The Royal Horticultural Society (RHS) reports that this year’s weather has provided the optimum growing conditions* for summer flowering. The warm, wet winter followed by the sunniest May on record and then a bout of rain in June has produced an exceptional crop of summer blooms.
Stronger, bigger buds and more prolific flowering has created abundant displays of early blooms such as lilies, rhododendrons, irises, roses and hydrangeas, and mid-summer flowers such as verbena, rudbeckia, heleniums and geraniums are now coming into their own.
The apex of this floral extravaganza may happen this weekend and at the four RHS Gardens the show has already begun but the seasonal overlap could pass by quickly as early summer flowers are likely to start going over next week.
At RHS Garden Rosemoor, in Devon, Curator Jon Webster says, “Fiery displays of reds, oranges, yellows and purples on plants like red hot pokers, rudbeckia, dahlias and goldenrod are springing to life in the Hot Garden while whites, blues, pinks and silver foliage bring an oasis of calmness in the Cool Garden.” The largest rose gardens in the South West are also still brimming with colour and scent from over 2,000 roses.
RHS Partner Gardens are reporting colourful spreads including The Bishop’s Palace Gardens in Somerset which is also awash with daylilies including ‘Chicago Sunrise’, and pretty blue salvias – and their multi-coloured Bishop series dahlia collection is the best it’s ever been with Garden Manager James Cross saying: “Everything has come together to produce the best summer colour I have ever seen.”
Guy Barter, RHS Chief Horticulturalist, says: “Our work is done in the garden so happily all that’s left to do is enjoy the summer flowers.

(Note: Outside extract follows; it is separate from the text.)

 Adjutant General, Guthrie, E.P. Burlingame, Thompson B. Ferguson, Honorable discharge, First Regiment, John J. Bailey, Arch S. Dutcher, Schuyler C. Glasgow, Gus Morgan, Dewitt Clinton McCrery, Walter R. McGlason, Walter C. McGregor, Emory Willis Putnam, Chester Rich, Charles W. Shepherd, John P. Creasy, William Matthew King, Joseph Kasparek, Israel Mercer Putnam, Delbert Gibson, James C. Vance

The unique blast of brilliant colour that’s about to hit will bring even greater enjoyment than normal but you’ll need to be quick to catch its full glory.”

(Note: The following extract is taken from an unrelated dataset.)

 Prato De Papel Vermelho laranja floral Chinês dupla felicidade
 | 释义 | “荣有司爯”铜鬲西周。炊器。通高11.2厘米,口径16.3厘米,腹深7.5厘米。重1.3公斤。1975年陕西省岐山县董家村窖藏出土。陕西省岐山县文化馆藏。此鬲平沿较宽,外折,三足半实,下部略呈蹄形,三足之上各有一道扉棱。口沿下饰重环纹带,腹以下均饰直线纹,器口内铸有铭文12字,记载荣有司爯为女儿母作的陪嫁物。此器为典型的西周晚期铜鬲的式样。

All visitors to the gardens (RHS members and non-members) need to book online so that social distancing can be controlled and in accordance with Government guidelines for ‘track and trace’. Although there may be availability on arrival, the advice is to pre-book to avoid disappointment as some sessions get completely filled.
PHOTO: Dead-heading at Rosemoor to prolong flowering.